If a person really loves food and is passionate about what they put into their body, they are going to seek out quality foods. If I want a burger, I want the beef to be as local as possible and fed grass instead of steroid injected grains. This beef is going to have flavor and texture. I want my burger topped with actual cheddar cheese that was made with milk. I want the lettuce to be green and crisp. I want the tomato to have a vibrant red and juicy. Sure, I’ll take some special sauce, but I want it made with fresh eggs and real spices.

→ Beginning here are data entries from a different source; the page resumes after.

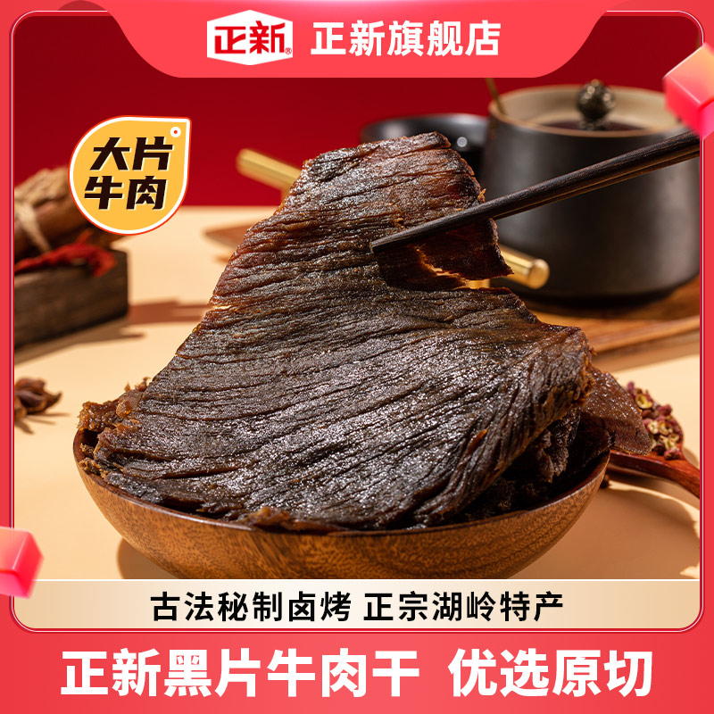 正新黑片牛肉干正宗温州瑞安大片黄牛肉古法卤制零食湖岭牛肉干
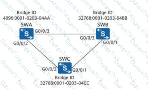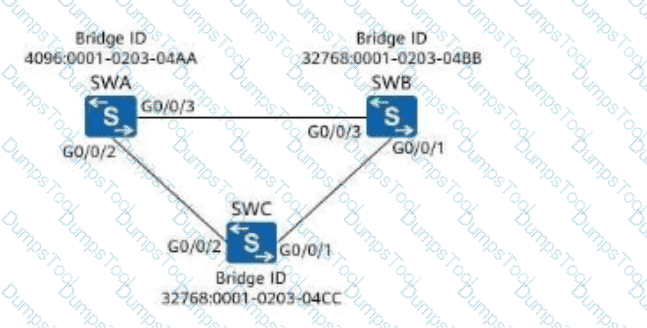 On the network shown in the following figure, assuming that SWA, SWB, and SWC retain factory defaults, which of the following ports will be selected as a designated port?
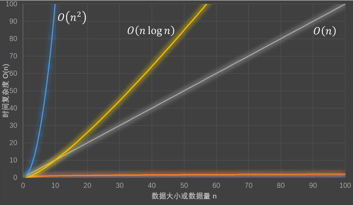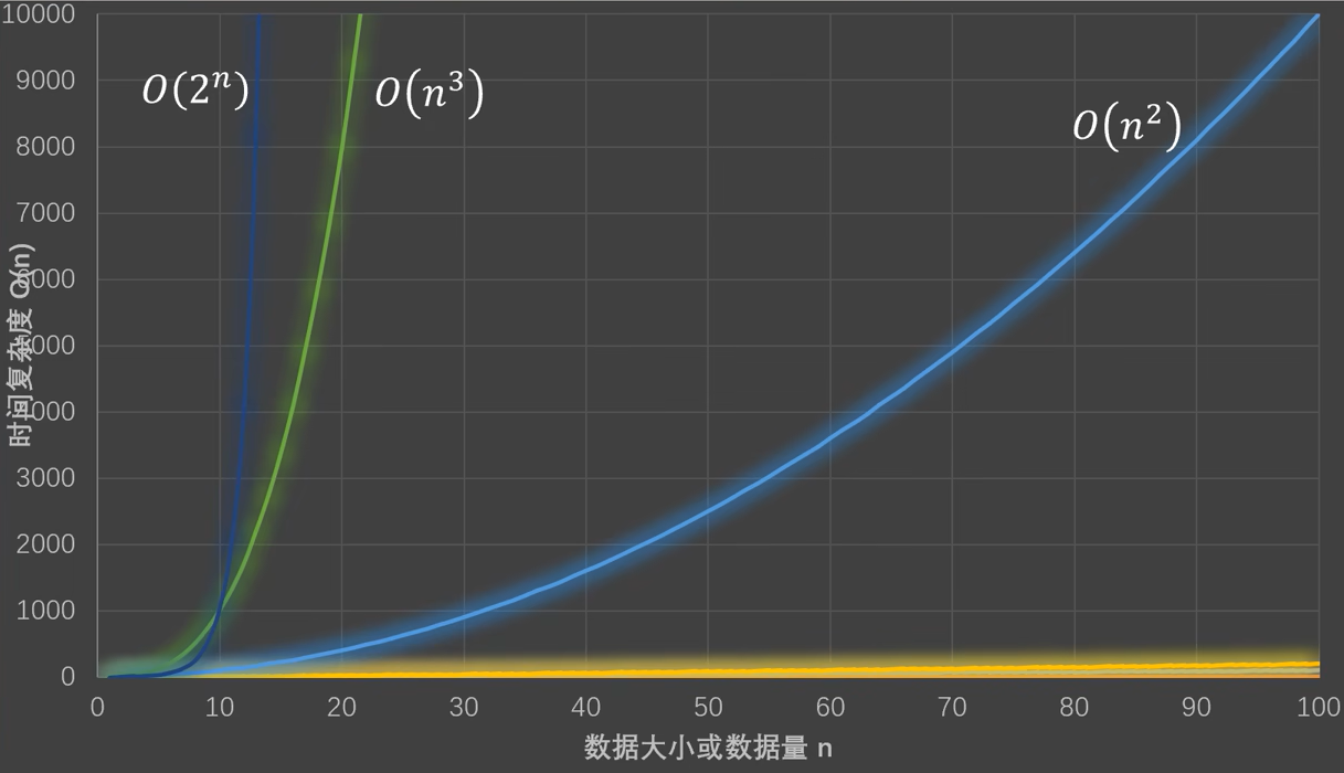 例如O(1)无论输入数据如何增多,代码运行时间都不变。而O(n)的运行时间和输入数据量成正比。如果时间复杂度过高,例如O(2^n),那么在小数据情况下,代码还可以运行,一旦数据量增大,则代码的运行时间将会几何级增加。

The solution to solving the problem of obesity isn’t a simple one at all. But, I think that it needs to start in childhood. Children should not be given sugar laden cereals that are void of fiber. Children should not be promised dessert for a reward. Children must learn that good health comes from high quality food. All people need to learn that the food that we consume has a huge impact on our lives, so we should spend a bit more time thinking about it. Don’t just pull something out of the freezer, because it is easy. Spend some time shopping for and preparing your food. Also, spend some time eating your food----don’t eat in front of the TV or while driving. Sit down at a table and chew---savor every bite. Know what the ingredients are and where they came from. Be passionate and love your food. The reward will be amazing.